Subsidiariteitsbeginsel
Het voorstel betreft een terrein dat onder de exclusieve bevoegdheid van de Gemeenschap valt. Het subsidiariteitsbeginsel is derhalve niet van toepassing.
Evenredigheidsbeginsel
Het voorstel is om de volgende reden(en) in overeenstemming met het evenredigheidsbeginsel.
Het haringbestand in het gebied ten westen van Schotland wordt geëxploiteerd door meerdere lidstaten die daarop historische visrechten kunnen doen gelden. Maatregelen die door deze lidstaten afzonderlijk worden genomen, zullen niet voldoende zijn om een exploitatie van het haringbestand in overeenstemming met de doelstellingen van het gemeenschappelijk visserijbeleid te garanderen. Daarom is een optreden op communautair niveau noodzakelijk. De haringvisserij in het gebied ten westen van Schotland is tot nu toe beheerd door middel van TAC's, gecombineerd met technische maatregelen. Uit het advies van de wetenschappelijke instanties, ondersteund door dat van de belanghebbenden, komt naar voren dat een beter beheer mogelijk is als de TAC's in het kader van een meerjarenplan worden vastgesteld.
4)
Het voorstel heeft geen gevolgen voor de begroting van de Gemeenschap.
5)
Toetsings-/herzienings-/uitdovingsclausule Het voorstel omvat een artikel dat zowel in toetsing als in herziening voorziet.

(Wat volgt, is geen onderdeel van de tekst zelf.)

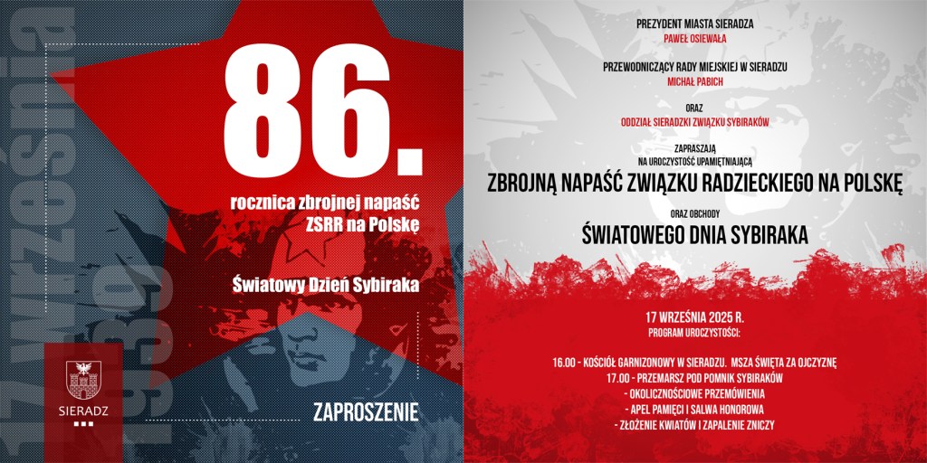 17 września to Dzień Sybiraka. W tym roku mija również 86. rocznica zbrojnej napaści ZSRR na Polskę. Uroczystości odbędą się m.in. w Sieradzu.

Het voorstel nader bekeken
De voorgestelde streefwaarden voor de visserijsterftecoëfficiënten zijn gebaseerd op wetenschappelijk advies van het WTECV en de ICES; bij de vaststelling ervan is uitgegaan de huidige biologische situatie in het gebied ten westen van Schotland. Het voorstel bevat een herzieningsbepaling om ervoor te zorgen dat de streefwaarden voor de visserijsterftecoëfficiënten kunnen worden gewijzigd als zulks in het licht van nieuwe wetenschappelijke gegevens en adviezen wenselijk is. Het meerjarenplan bevat bepalingen die voorzien in een vierjaarlijkse toetsing om na te gaan hoe goed de beheersregelingen functioneren en of zij hun doel bereiken.